A formal Department of Biomedical Engineering was established at CWRU in 1967 as one of the pioneer programs in the world. It has been a leader in the field and ranks among the largest and most prestigious. As an independent department in both the Case School of Engineering and the School of Medicine, BME at CWRU offers students exceptional opportunities to interact with faculty.

A central educational objective of our programs is to ensure that students develop the depth and breadth in engineering necessary to solve biomedical problems. Training in biomedical engineering leads to employment in industry, hospitals, research centers, and universities. Biomedical engineering can also provide the basis for careers in medicine and other professions.

FACULTY

Primary Appointments

Gerald M. Saidel, Ph.D. (Johns Hopkins University)

Ravi V. Bellamkonda (Brown University)

Patrick E. Crago, Ph.D. (Case Western Reserve University)

Dominique Durand, Ph.D. (University of Toronto, Canada)

Janie M. Fouke, Ph.D. (University of North Carolina, Chapel Hill)

Miklos Gratzl, Ph.D. (Technical University of Budapest, Hungary)

J. Lawrence Katz, Ph.D. (Polytechnic Institute of Brooklyn)

Roger Marchant, Ph.D. (Case Western Reserve University)

J. Thomas Mortimer, Ph.D. (Case Western Reserve University)

P. Hunter Peckham, Ph.D. (Case Western Reserve University)

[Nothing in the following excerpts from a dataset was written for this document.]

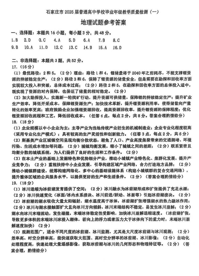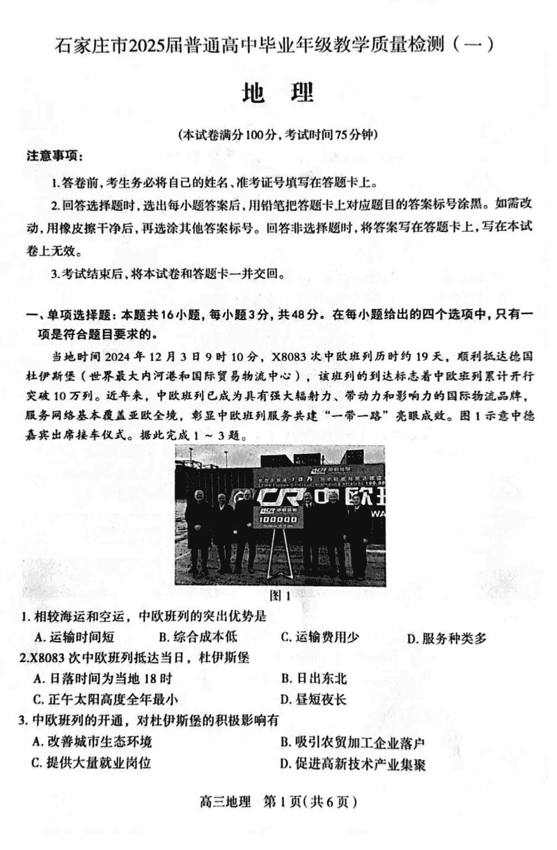 2025届石家庄市高三教学质量检测(一)地理考试已于近日开考,为方便考生考后及时查看考试情况,查漏补缺、弥补不足,本文整理了试题答案解析相关信息!
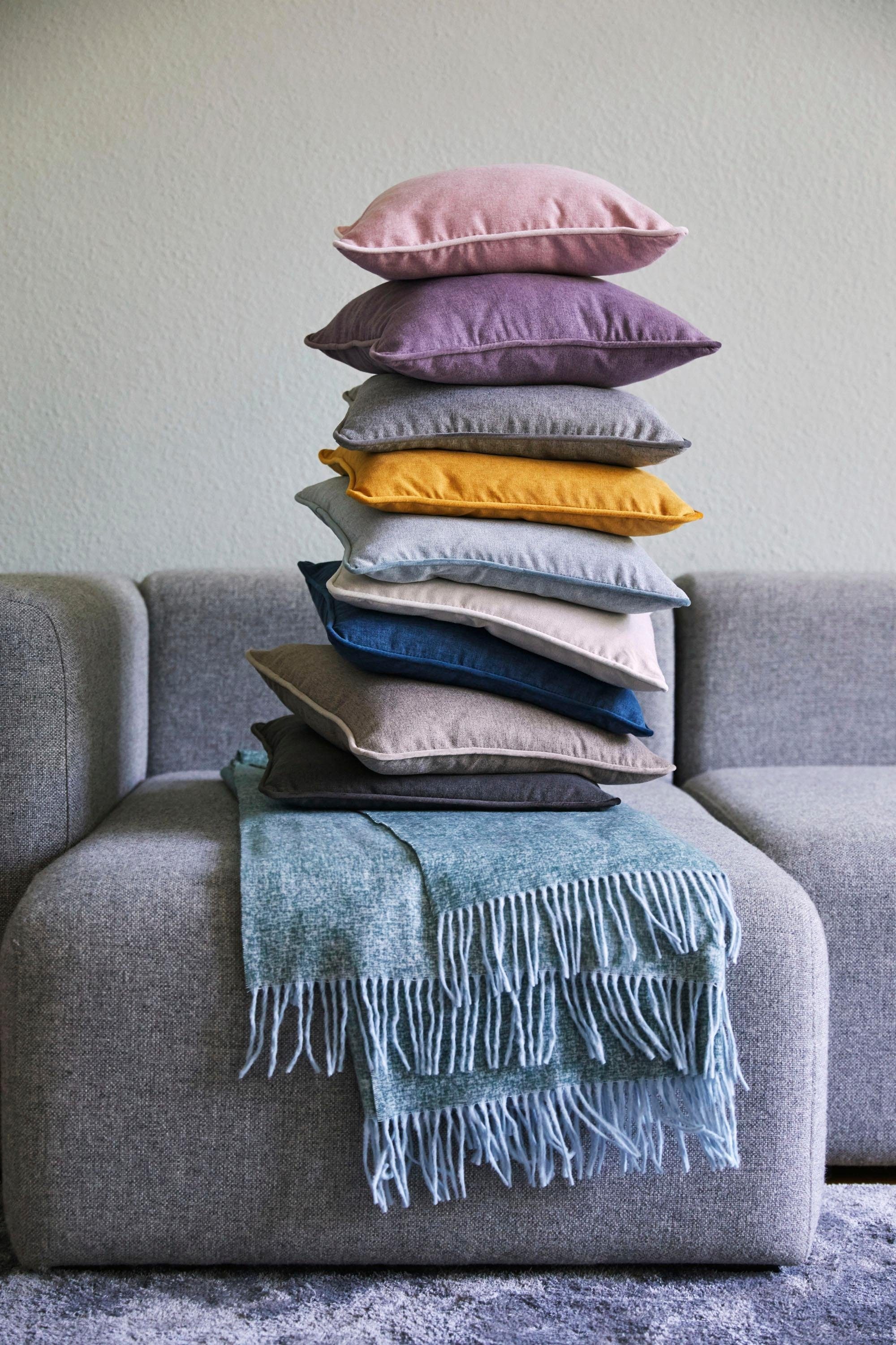 Gewebte Kissenhülle mit Paspel aus Microvelour, einfarbige Flanelloptik.
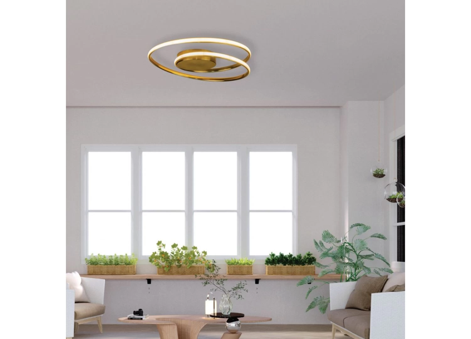 Πρόκειται για ένα φωτιστικό οροφής με κυκλική σχεδίαση κατασκευασμένο από αλουμίνιο. Η λευκή ακρυλική του επιφάνεια καλύπτει τον led φωτισμό θερμής απόχρωσης.
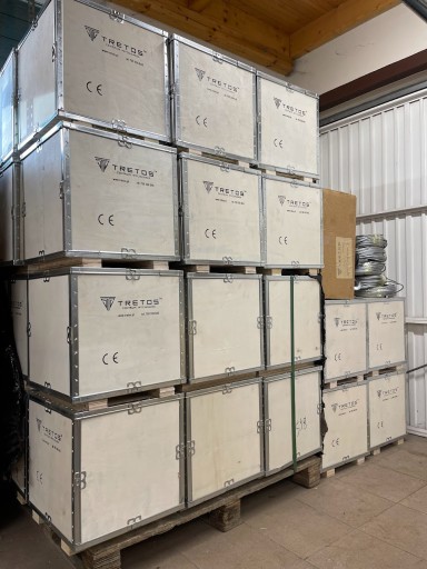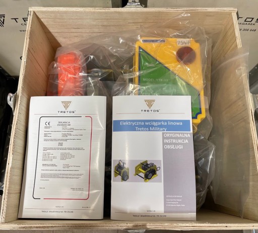 Dbając o zadowolenie Klientów, Wyciągarki marki Tretos są pakowane w solidną skrzynię. Skrzynia jest wykonana ze sklejki posiada stalowe okucia oraz dwie nogi ułatwiające podnoszenie. Dzięki temu zabezpiecza wciągarkę przed uszkodzeniem.
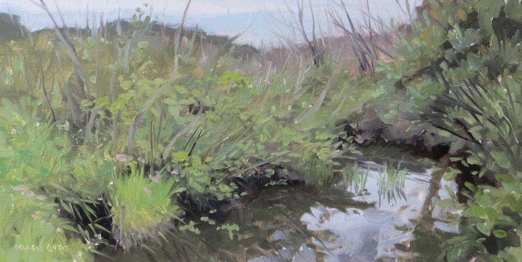 I’m always searching for a “wow” sight. If there’s no initial feeling of “wow”, the painting will always be boring (at least, to me). And I’m always looking for an interesting composition. I loved the shapes of the water and the sky. But – could I pull this one off? The bushes and weeds were just a mad tangle! For the first 15 minutes or so, I thought I’d end up wiping this one off. Added 8/07/20 — This painting won “best of show” in the Glen Arbor Plein Air Paintout this year. Good thing I didn’t wipe it out!
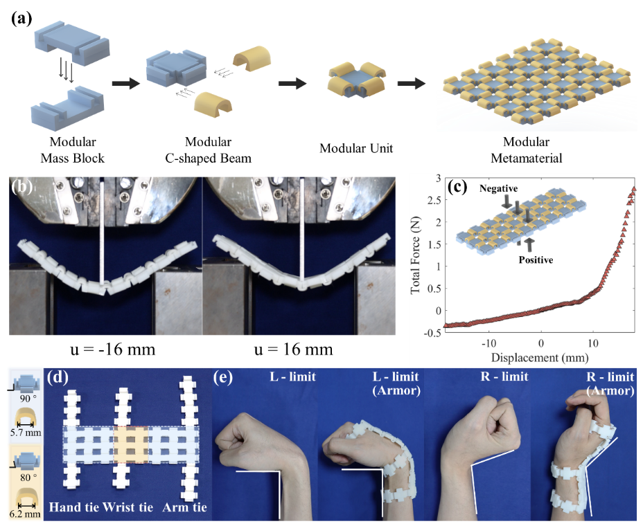 进一步,基于该稳定性增强的SVS超材料,可实现对人体关节的定制机械保护(如图3)和远程机械输入信号调节的信息转换功能(如图4)。这些成果为生成更可行的稳定性增强SVS超材料/超结构提供了有益的解决方案,并推动了它们在航空航天、医疗器械和机器人技术等领域的潜在应用。
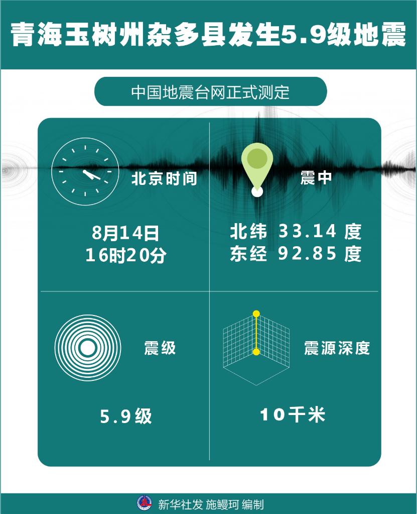 記者從青海省地震局獲悉,8月14日16時(shí)20分,青海省玉樹藏族自治州雜多縣發(fā)生5.9級(jí)地震,震源深度10千米,震中位于北緯33.14度、東經(jīng)92.85度。目前,暫無人員傷亡消息。
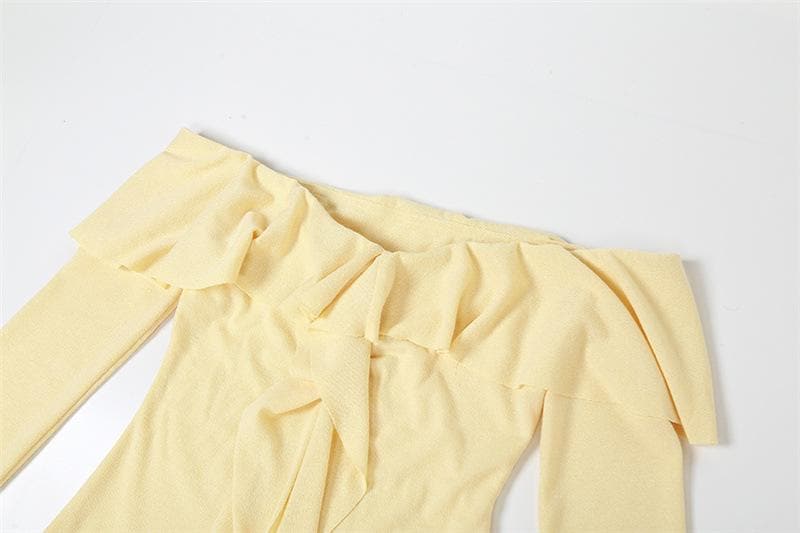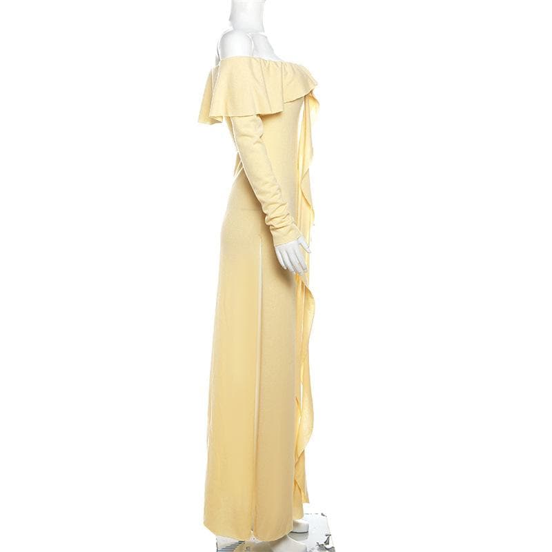 Ruffle off shoulder long sleeve backless solid maxi dress
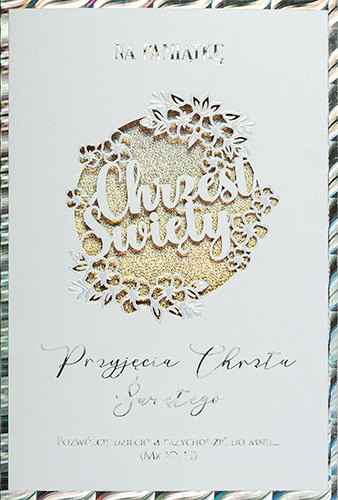 Kartka na Chrzest pięknie zdobiona ażurowa LC20C
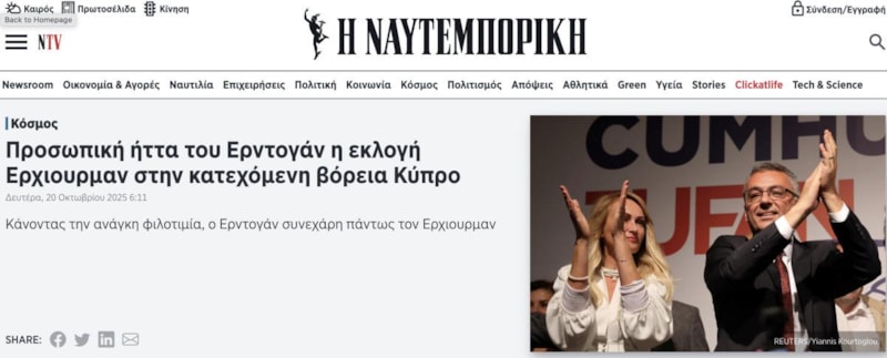 Ülkenin önde gelen finans gazetesi Naftemporiki ise "Erhürman'ın işgal altındaki Kuzey Kıbrıs'ta seçilmesi Erdoğan için kişisel bir yenilgidir." ifadelerine yer verdi.
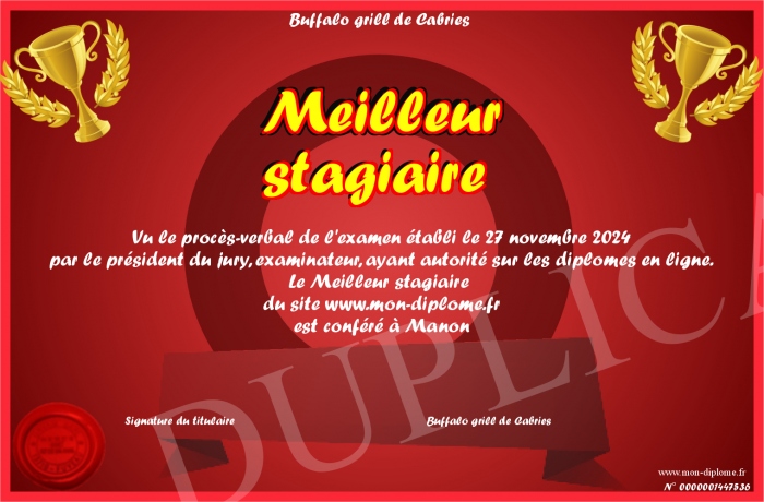 Envoyez par email votre Meilleur stagiaire personalisé

Yoram Rudy, Ph.D. (Case Western Reserve University)

Cecil W. Thomas, Ph.D. (University of Texas, Austin)

W. Sanford Topham, Ph.D. (University of Utah)

David L. Wilson, Ph.D. (Rice University)

Secondary Appointments

James M. Anderson, Ph.D.(Oregon State University), M.D. (Case Western Reserve University)

Ronald L. Cechner, Ph.D. (Case Western Reserve University)

Howard J. Chizeck, Sc.D. (Massachusetts Institute of Technology)

David Dean, Ph.D. (City University of New York)

Louis F. Dell'Osso, Ph.D. (University of Wyoming)

Pedro J. Diaz, Ph.D. (Case Western Reserve University)

Jeffrey L. Duerk, Ph.D. (Case Western Reserve University)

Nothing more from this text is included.